STOCHASTIC PROCESSES - 2021/2
Module code: MAT2003
Realistic modelling often requires the inclusion of stochastic (as opposed to deterministic) elements. In this module we study a large class of stochastic processes, that is, probabilistic models for series of events.
KUEH Audrey (Physics)
Number of Credits: 15
ECTS Credits: 7.5
Framework: FHEQ Level 5
JACs code: G330
Module cap (Maximum number of students): N/A
Overall student workload
Independent Learning Hours: 106
Seminar Hours: 11
Guided Learning: 11
Captured Content: 22
Prerequisites / Co-requisites
Indicative content includes:
- concept of stochastic process;
- random walks;
- properties of Markov chains: recurrence and transience, periodicity, communicating classes, irreducibility;
- first step analysis;
- Basic Limit Theorem, stationary distributions, and their applications;
- Markov processes in continuous time: derivation of the Poisson process and generalised birth and death process.

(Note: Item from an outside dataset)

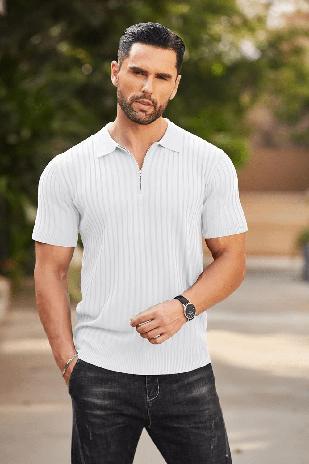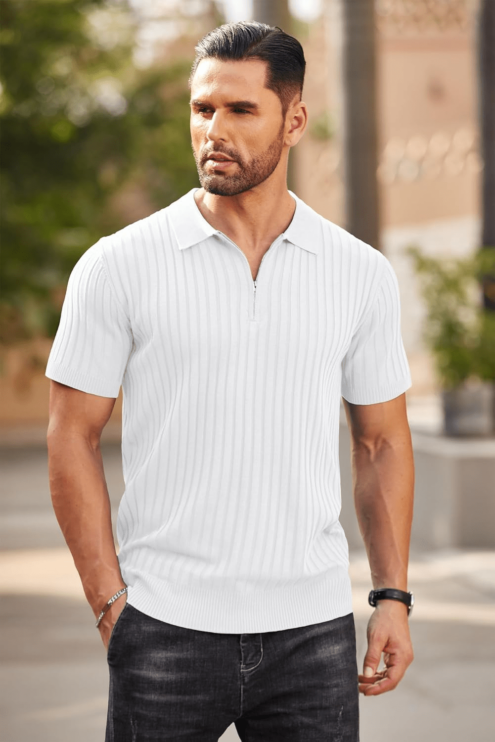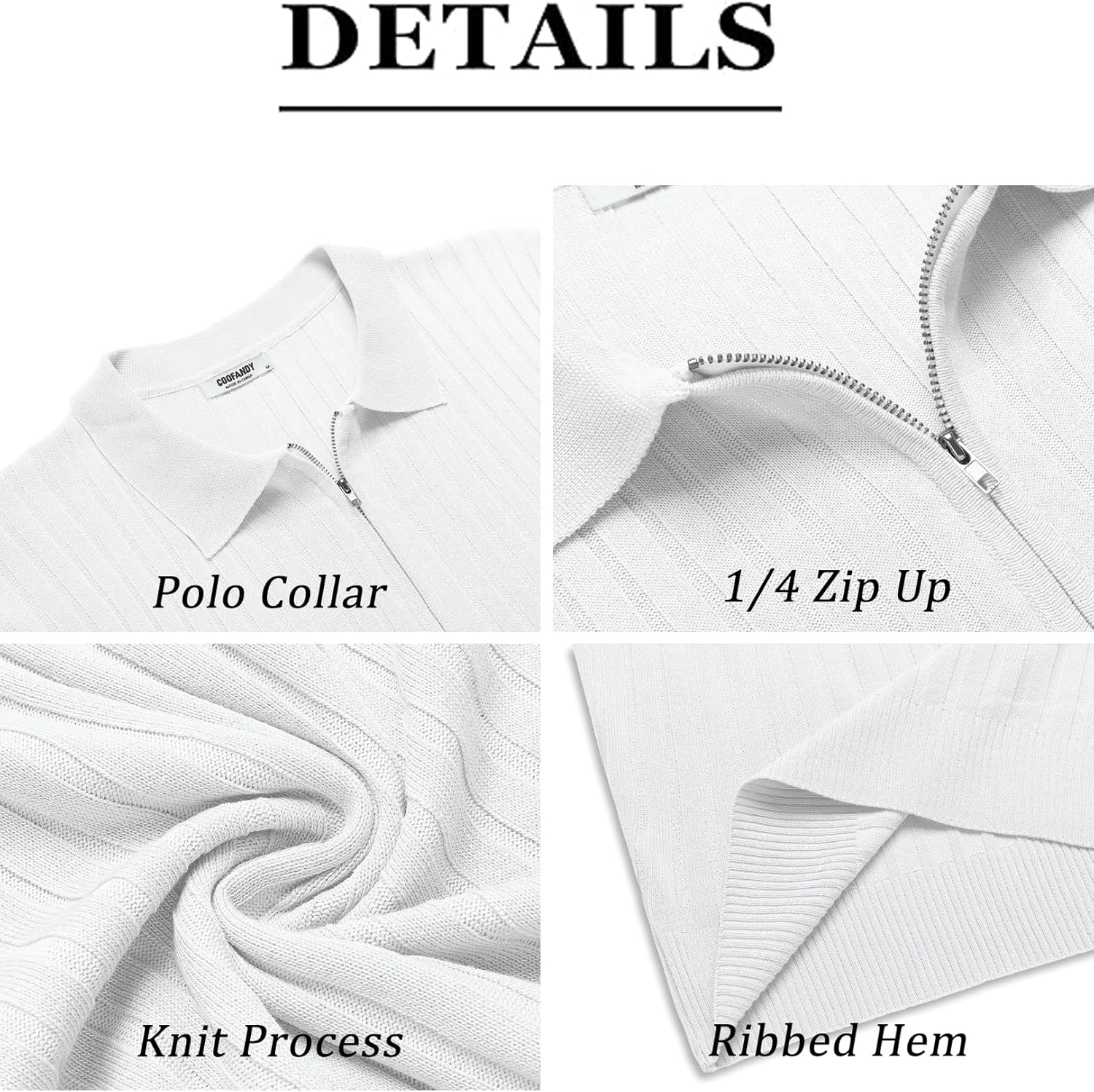 COOFANDY Men's Zipper Polo Shirt – Casual Stretch Ribbed Knit T-Shirt

|Assessment type||Unit of assessment||Weighting|
|Online Scheduled Summative Class Test||ONLINE TEST||20|
|Examination Online||ONLINE EXAM||80|
The assessment strategy is designed to provide students with the opportunity to demonstrate
· Understanding of and ability to interpret and manipulate mathematical statements.

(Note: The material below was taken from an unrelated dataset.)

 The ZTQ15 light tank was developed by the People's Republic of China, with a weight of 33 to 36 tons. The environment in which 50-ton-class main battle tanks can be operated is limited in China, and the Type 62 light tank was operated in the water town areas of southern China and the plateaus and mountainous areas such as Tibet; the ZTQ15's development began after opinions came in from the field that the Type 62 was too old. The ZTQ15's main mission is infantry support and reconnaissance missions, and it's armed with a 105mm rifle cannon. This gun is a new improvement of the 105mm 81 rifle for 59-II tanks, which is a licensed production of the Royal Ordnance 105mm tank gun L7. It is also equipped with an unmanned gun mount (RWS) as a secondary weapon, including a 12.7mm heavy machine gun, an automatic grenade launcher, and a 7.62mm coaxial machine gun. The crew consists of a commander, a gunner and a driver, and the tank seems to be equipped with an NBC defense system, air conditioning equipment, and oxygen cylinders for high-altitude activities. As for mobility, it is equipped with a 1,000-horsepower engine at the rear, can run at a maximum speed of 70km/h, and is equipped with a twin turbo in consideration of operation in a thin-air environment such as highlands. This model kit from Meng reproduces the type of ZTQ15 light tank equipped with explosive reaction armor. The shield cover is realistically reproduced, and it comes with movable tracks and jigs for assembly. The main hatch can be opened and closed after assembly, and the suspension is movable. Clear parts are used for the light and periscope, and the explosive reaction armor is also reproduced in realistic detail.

· Subject knowledge through the recall of key definitions, theorems and their proofs.
· Analytical ability through the solution of unseen problems in the in-semester test and in the exam.
Thus, the summative assessment for this module consists of:
· One two hour examination; worth 80% of the module mark.
· One in-semester test; worth 20% of the module mark.
Formative assessment and feedback
Students receive written feedback via marked unassessed coursework. In addition, verbal feedback is provided by lecturer/class tutor at biweekly tutorial lectures.
- This module aims to introduce students to stochastic processes and their applications.
|1||Understand the properties of stochastic processes||KCP|
|2||apply this knowledge to analyse specific stochastic processes, occurring for example in finance or biology.||KCPT|
C - Cognitive/analytical
K - Subject knowledge
T - Transferable skills
P - Professional/Practical skills
Methods of Teaching / Learning
The learning and teaching strategy is designed to introduce students to the theory of stochastic processes.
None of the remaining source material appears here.